— Required action —
Look through the entries below and copy exactly the part that begins with the line containing "Ein Koch-Zelt weiter" and ends with the line containing "Het perceel waarop". Do not copy the pictures.

— Data excerpts —
——
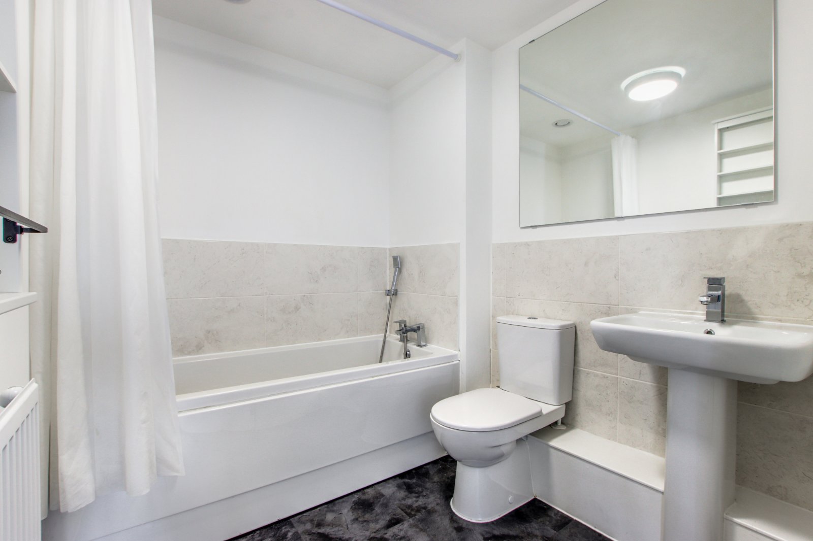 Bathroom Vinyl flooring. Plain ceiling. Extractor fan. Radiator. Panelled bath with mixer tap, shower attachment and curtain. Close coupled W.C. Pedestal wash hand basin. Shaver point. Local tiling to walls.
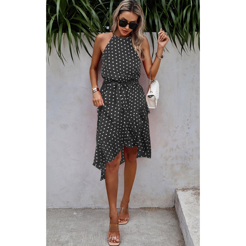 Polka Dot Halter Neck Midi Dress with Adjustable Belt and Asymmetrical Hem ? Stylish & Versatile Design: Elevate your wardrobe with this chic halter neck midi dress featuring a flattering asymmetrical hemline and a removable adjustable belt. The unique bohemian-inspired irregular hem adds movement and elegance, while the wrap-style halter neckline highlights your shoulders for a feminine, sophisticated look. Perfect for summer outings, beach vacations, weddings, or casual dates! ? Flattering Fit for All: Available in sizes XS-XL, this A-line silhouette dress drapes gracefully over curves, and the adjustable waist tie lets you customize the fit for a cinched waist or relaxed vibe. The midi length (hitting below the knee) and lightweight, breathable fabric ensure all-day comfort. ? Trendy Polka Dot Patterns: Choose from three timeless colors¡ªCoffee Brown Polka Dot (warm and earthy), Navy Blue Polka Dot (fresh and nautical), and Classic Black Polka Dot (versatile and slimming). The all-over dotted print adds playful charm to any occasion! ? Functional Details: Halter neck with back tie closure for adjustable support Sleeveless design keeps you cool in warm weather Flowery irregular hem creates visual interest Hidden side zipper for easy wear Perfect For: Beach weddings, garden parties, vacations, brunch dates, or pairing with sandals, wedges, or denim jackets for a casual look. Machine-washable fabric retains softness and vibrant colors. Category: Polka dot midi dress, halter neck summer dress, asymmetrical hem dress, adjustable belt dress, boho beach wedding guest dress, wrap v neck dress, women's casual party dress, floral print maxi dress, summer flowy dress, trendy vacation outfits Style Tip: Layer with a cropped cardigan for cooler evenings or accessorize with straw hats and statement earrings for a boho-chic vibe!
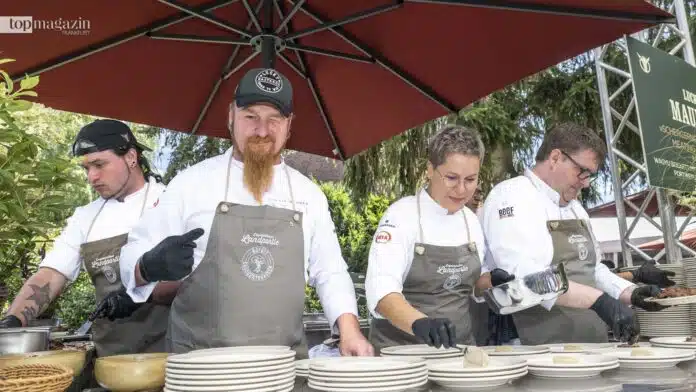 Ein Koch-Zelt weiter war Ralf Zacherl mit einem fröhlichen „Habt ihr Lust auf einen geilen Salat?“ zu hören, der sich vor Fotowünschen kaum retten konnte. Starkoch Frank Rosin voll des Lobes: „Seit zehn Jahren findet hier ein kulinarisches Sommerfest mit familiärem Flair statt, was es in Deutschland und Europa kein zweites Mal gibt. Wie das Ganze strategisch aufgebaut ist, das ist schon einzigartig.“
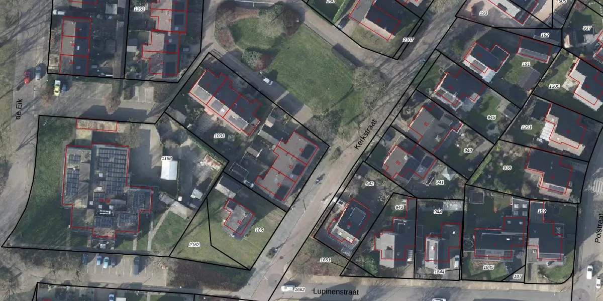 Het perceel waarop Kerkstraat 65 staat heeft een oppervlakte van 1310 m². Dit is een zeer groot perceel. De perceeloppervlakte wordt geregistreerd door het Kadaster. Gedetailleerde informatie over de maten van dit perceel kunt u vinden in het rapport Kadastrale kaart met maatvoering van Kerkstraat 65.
——
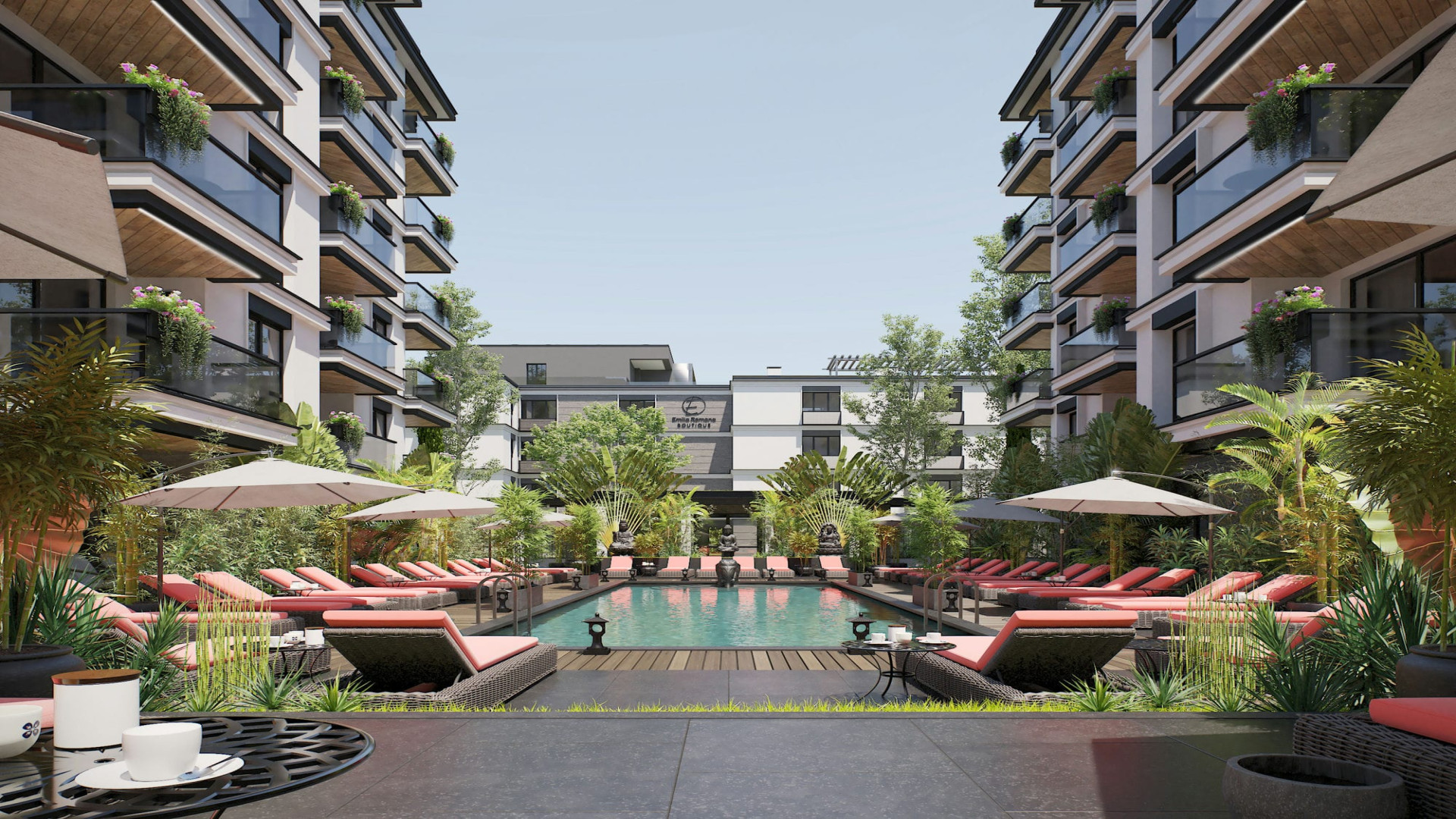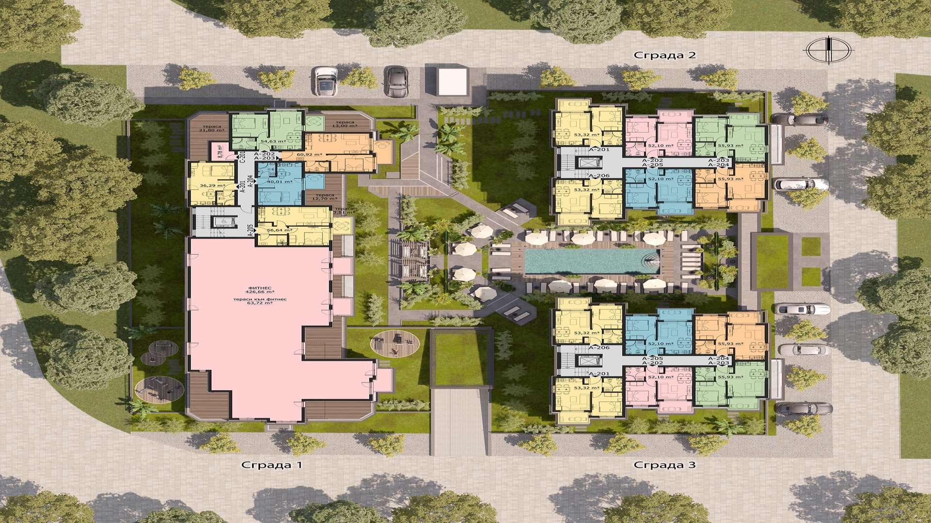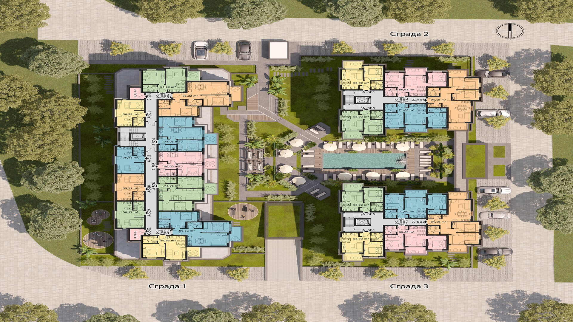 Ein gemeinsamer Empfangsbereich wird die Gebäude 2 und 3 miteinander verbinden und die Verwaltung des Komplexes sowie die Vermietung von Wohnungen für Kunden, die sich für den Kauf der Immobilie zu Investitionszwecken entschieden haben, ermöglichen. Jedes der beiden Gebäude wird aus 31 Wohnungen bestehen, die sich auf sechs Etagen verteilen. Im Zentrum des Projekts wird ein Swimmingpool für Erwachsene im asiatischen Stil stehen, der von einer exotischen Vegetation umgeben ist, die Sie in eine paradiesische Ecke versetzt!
——
— Solution —
 Ein Koch-Zelt weiter war Ralf Zacherl mit einem fröhlichen „Habt ihr Lust auf einen geilen Salat?“ zu hören, der sich vor Fotowünschen kaum retten konnte. Starkoch Frank Rosin voll des Lobes: „Seit zehn Jahren findet hier ein kulinarisches Sommerfest mit familiärem Flair statt, was es in Deutschland und Europa kein zweites Mal gibt. Wie das Ganze strategisch aufgebaut ist, das ist schon einzigartig.“
 Het perceel waarop Kerkstraat 65 staat heeft een oppervlakte van 1310 m². Dit is een zeer groot perceel. De perceeloppervlakte wordt geregistreerd door het Kadaster. Gedetailleerde informatie over de maten van dit perceel kunt u vinden in het rapport Kadastrale kaart met maatvoering van Kerkstraat 65.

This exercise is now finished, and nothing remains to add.